175 million DVD-capable machines will be in homes by 2004

DVD continues to amaze.

‘Not in our wildest dreams’ did anyone expect the format to accelerate ‘from zero to 60 in about three years, ’ said International Recording Media Association president Charles Van Horn, introducing IRMA’s latest statistical review of the optical media market at a news conference in New York today.

This year, Van Horn continued, DVD will achieve the ‘very difficult’ goal of a 10% penetration of U.S. households. IRMA has regularly upgraded its estimate of the installed base of players, as sales exceeded predictions, and now projects 175 million DVD-capable machines will be in homes around the world by 2004. The total includes stand-alone players, personal computers and DVD-playing game consoles like Sony’s PlayStation 2.

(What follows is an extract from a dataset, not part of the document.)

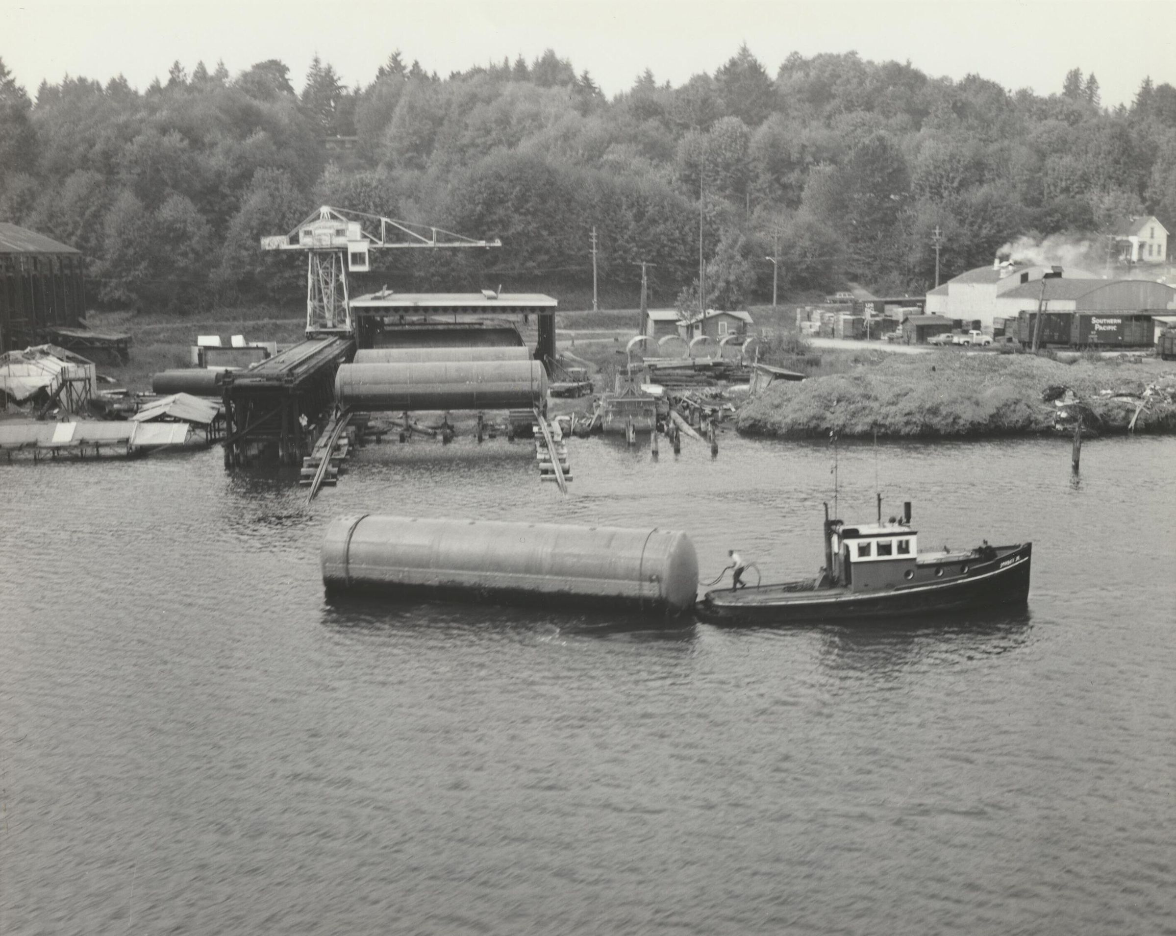 Photograph. Tanks being transported from Reliable Welding, West Bay Drive, Olympia to Olympia brewery. Tanks were rolled into bay, pulled by tug to Percival Dock, then put on railcars for delivery to brewery. Probably for R or S cellar.Name/Title

It does not include DVD Audio, which has proved harder to launch ‘than anticipated,’ Van Horn noted. He doesn’t expect much in the way of audio player availability until next year, with another 18 to 24 months required to build catalog.

DVD and VHS remain on friendly terms, according to Van Horn. ‘If there’s been any decline [in cassette duplication], it has been gradual,’ he said. Duplicators are reporting another strong year, in part because consumers ‘still want’ VCRs.

IRMA sticks to its earlier estimate that the two formats can continue to coexist for the next three or four years. DVD, however, has made inroads in one genre never comfortable with tape: music videos.

BMG Entertainment V.P. Louis Vaccarelli, speaking at the IRMA meeting held in BMG’s New York offices, said DVD sales of pop groups and individual artists have topped 1 million discs so far this year. ‘Kids don’t watch them once, they watch them three or four times,’ he said. The extras account for much of the interest, he added.

The music market ‘never existed’ for VHS, so this is ‘incremental business,’ Van Horn said.